**Provided material:**
[Start of Attachment]

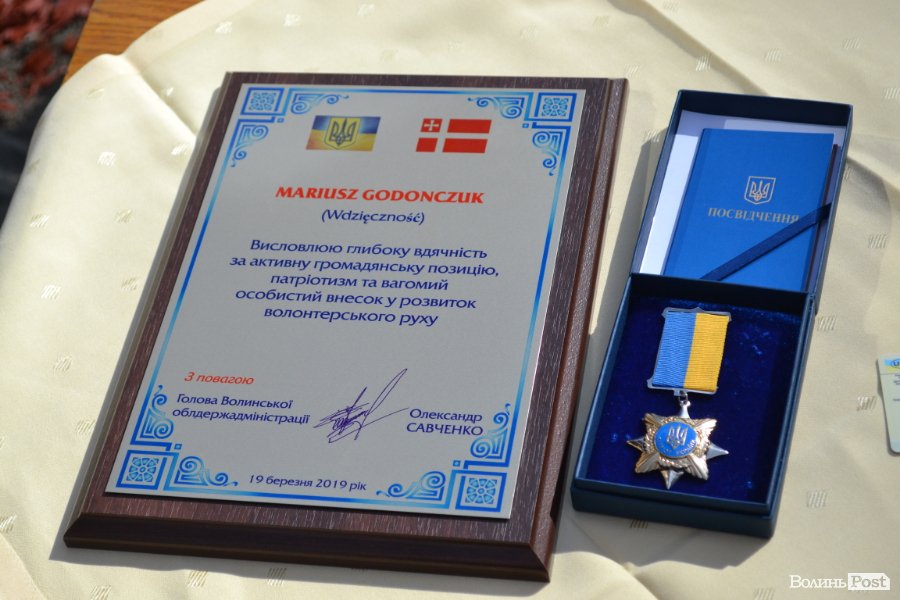 Меценат Маріуш Годончук – громадянин Республіки Польща, каже, що не планував робити добру справу «на показ», а лише хотів допомогти і від щирого серця зробити подарунок українським бійцям. За такий вчинок Олександр Савченко нагородив благодійника почесною грамотою від ОДА і відзнакою «Патріот України».
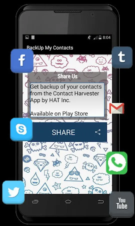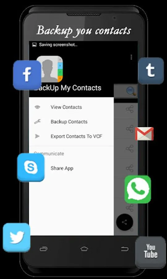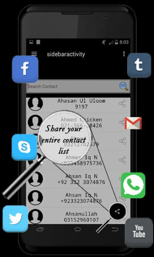 Share Your Contact List On Popular Social Media etc. You can Back Up Your Contact list Locally on your Mobile or PC in Text , CSV , Excel , VCF and can also migrate your contacts from Android to another Android , Windows fone , Nokia , Apple IOS and BlackBerry through VCF.
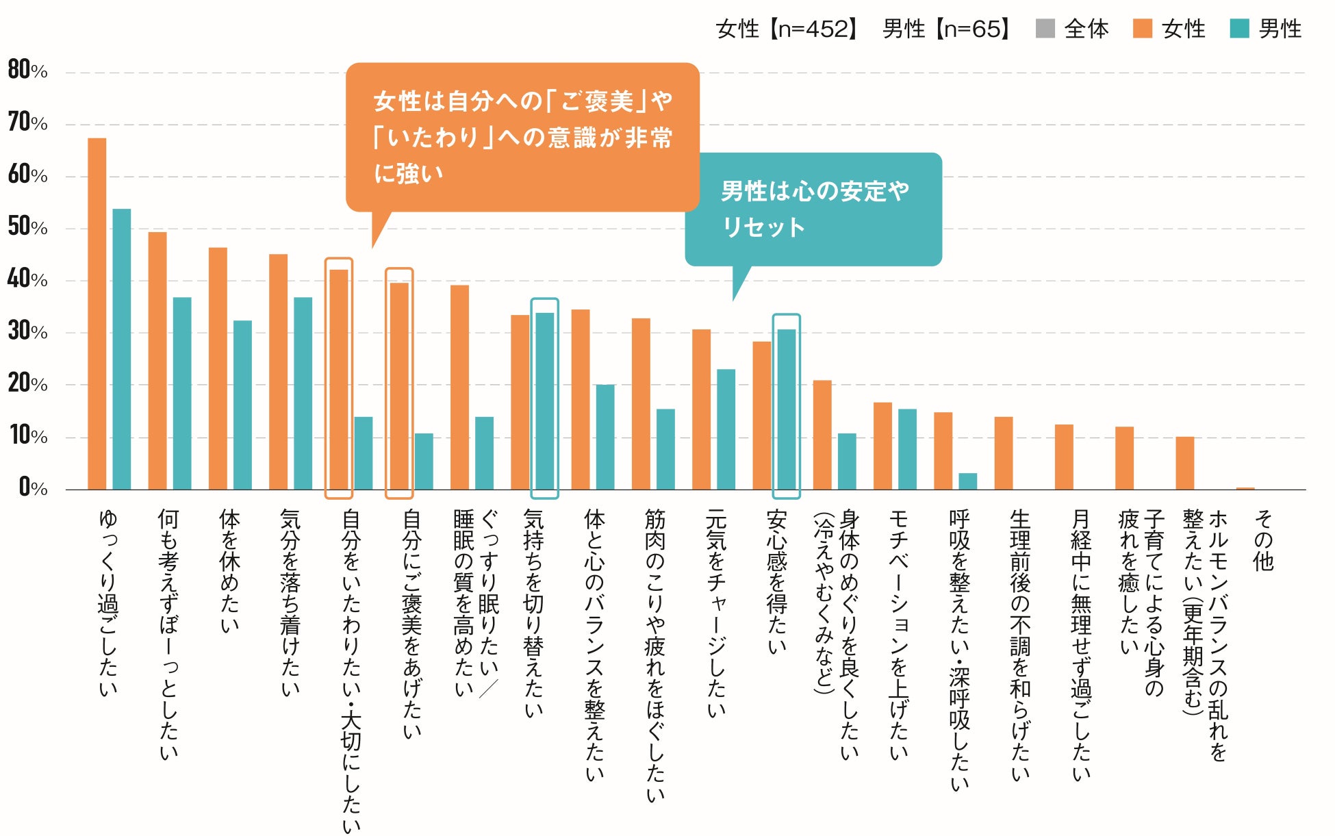 こうした“休息の目的”の違いは、消費行動にも直結しており、女性の「チル消費(癒し・ご褒美系消費)」は今後の消費市場における成長領域として注目されます。
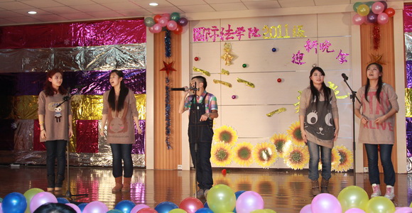 晚七点半一场激情四射的开场舞拉开了这次晚会的序幕,由2011级新生带来的幽默风趣的相声《我的大一生活》,讲述了11级新生对学校的新感受,歌曲串烧带我们走近纯真的世界,感受爱情的美好,话剧《武林新传》以搞怪的反串逗得观众捧腹大笑,一群青春靓丽的女孩为我们带来了美仑美奂的舞蹈,彰显了青春的活力,魔术《恋爱33天》给我们展示了爱与神奇,晚会期间主持人向我们介绍了我院08级秦开田同学患病情况,并以一首温暖人心的歌曲《爱》在我们心中播下爱的种子,也向秦开田同学表示了最真挚的祝愿,由大二的学生带来的民族舞蹈《太阳鼓》让我们感受少数民族的异彩纷呈的民族文化,由大二学生带来的相声《我曾今的大一生活》向我们展示了他们曾经的大一生活,《双节棍》表演把大会推向了高潮,一曲悠扬婉转的《青花瓷》又让我们心神荡漾,2009级的学长为我们深情演唱《海芋恋》和《私奔到月球》,慷慨激昂的《恰同学少年》也让我们热些沸腾。最后,晚会在由69堂

[End of Attachment]

**Your assignment:** Except for the pictures, return every line of the material exactly.

**Solution to the exercise:**
 Меценат Маріуш Годончук – громадянин Республіки Польща, каже, що не планував робити добру справу «на показ», а лише хотів допомогти і від щирого серця зробити подарунок українським бійцям. За такий вчинок Олександр Савченко нагородив благодійника почесною грамотою від ОДА і відзнакою «Патріот України».
 Share Your Contact List On Popular Social Media etc. You can Back Up Your Contact list Locally on your Mobile or PC in Text , CSV , Excel , VCF and can also migrate your contacts from Android to another Android , Windows fone , Nokia , Apple IOS and BlackBerry through VCF.
 こうした“休息の目的”の違いは、消費行動にも直結しており、女性の「チル消費(癒し・ご褒美系消費)」は今後の消費市場における成長領域として注目されます。
 晚七点半一场激情四射的开场舞拉开了这次晚会的序幕,由2011级新生带来的幽默风趣的相声《我的大一生活》,讲述了11级新生对学校的新感受,歌曲串烧带我们走近纯真的世界,感受爱情的美好,话剧《武林新传》以搞怪的反串逗得观众捧腹大笑,一群青春靓丽的女孩为我们带来了美仑美奂的舞蹈,彰显了青春的活力,魔术《恋爱33天》给我们展示了爱与神奇,晚会期间主持人向我们介绍了我院08级秦开田同学患病情况,并以一首温暖人心的歌曲《爱》在我们心中播下爱的种子,也向秦开田同学表示了最真挚的祝愿,由大二的学生带来的民族舞蹈《太阳鼓》让我们感受少数民族的异彩纷呈的民族文化,由大二学生带来的相声《我曾今的大一生活》向我们展示了他们曾经的大一生活,《双节棍》表演把大会推向了高潮,一曲悠扬婉转的《青花瓷》又让我们心神荡漾,2009级的学长为我们深情演唱《海芋恋》和《私奔到月球》,慷慨激昂的《恰同学少年》也让我们热些沸腾。最后,晚会在由69堂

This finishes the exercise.